Theory1. Motivations and Basics

2 minute read

1. Motivations and Basics

$\newcommand{\argmax}{\mathop{\mathrm{argmax}}\limits}$ Machine Learning의 기초적인 이론부분을 다시 제대로 잡고 싶어서 문일철 교수님의 인공지능 및 기계학습 개론을 정리한 Post입니다.

1.1 MLE
1.2 MAP
1.3 Probability and Distribution

1.1 MLE

Thumbtack Question
압정을 던졌을 경우 앞면의 나올 확률은?

만약 5번을 던졌을 경우 다음과 같이 결과가 나왔다고 가정하자.

앞면: 3번
뒷면: 2번

각각의 앞정을 던질 확률은 iid(독립)이라고 가정하자.
그러면 이러한 확률분포는 Discrete Distribution이며, 경우의 수는 2개인 Binomial Distribution형태일 것 이다.

즉, 앞면이 나올 확률이 $P(H) = \theta$로서 가정하면 뒷면이 나올 확률은 자연적으로 $P(T) = 1- \theta$가 되는 것 이다.

위와 같은 확률 분포가 만약 Data의 분포형태로 나타내고 싶으면 다음과 같이 나타낼 수 있다.
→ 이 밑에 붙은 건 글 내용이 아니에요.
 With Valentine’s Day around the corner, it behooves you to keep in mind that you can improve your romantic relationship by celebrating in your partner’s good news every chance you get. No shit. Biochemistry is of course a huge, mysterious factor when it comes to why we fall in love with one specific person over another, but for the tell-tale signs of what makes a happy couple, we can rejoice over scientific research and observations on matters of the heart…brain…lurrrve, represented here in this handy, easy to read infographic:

$$P(D|\theta) = \theta^{\alpha_H}(1-\theta)^{\alpha_T}$$

$$\alpha_H: \text{Number of Head}$$

$$\alpha_T: \text{Number of Tail}$$

그렇다면 어떻게 식을 세워야 최적의 $\theta$를 구할 수 있을까?

이러한 의문에서 사용하는 방법이 MLE(Maximum Likelihood Estimation) 즉, Likelihood를 최대화 하는 값을 추정 방법이다. 식으로서 표현하면 아래와 같다.

$$\hat{\theta} = \argmax_{\theta}P(D|\theta)$$

위의 식을 설명하면, $\theta$값을 조절하여 $P(D|\theta)$값을 최대화 하는 $\hat{\theta}$를 찾겠다는 의미이며, 여기서 $P(D|\theta)$이 Likelihood라고 불리기 때문에 이러한 방법이 MLE(Maximun Likelihood Estimation)이 되는 것 이다.
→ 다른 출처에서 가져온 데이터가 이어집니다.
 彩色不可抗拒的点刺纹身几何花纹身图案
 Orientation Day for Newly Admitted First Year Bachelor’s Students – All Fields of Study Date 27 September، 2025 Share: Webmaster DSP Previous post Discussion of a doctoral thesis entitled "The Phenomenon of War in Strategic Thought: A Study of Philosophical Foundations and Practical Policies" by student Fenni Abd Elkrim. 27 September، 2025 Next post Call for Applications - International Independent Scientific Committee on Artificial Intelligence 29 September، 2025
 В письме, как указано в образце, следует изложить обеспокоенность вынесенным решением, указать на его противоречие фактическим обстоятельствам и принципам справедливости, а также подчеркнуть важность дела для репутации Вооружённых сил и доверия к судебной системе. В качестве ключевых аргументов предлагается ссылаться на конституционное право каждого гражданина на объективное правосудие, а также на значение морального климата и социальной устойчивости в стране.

위에서 우리는 $P(D|\theta)$가 Binomial Distribution으로 설정하였으므로 식을 다음과 같이 변형할 수 있다.

$$\argmax_{\theta}P(D|\theta) = \argmax_{\theta}\theta^{\alpha_H}(1-\theta)^{\alpha_T}$$

위의 식을 좀 더 편하게 치환하기 위하여 Monotonic Function(단조함수)인 Log변환을 적용한다.

$$\argmax_{\theta}\theta^{\alpha_H}(1-\theta)^{\alpha_T} = \argmax_{\theta}ln(\theta^{\alpha_H}(1-\theta)^{\alpha_T})$$

$$= \argmax_{\theta} \alpha_H ln(\theta) + \alpha_T ln(1-\theta)$$

위의 식에서 $\alpha_H, \alpha_T$는 시도 횟수이므로 양수이다. 또한, $\theta$ 는 확률이므로 0~1사이의 값을 가지므로 Concave한 Function인 것을 확인할 수 있다.

따라서 Concave Function에서 argmax를 구하기 위하여 미분한 값이 0인 Point를 찾는 문제로 변하게 된다.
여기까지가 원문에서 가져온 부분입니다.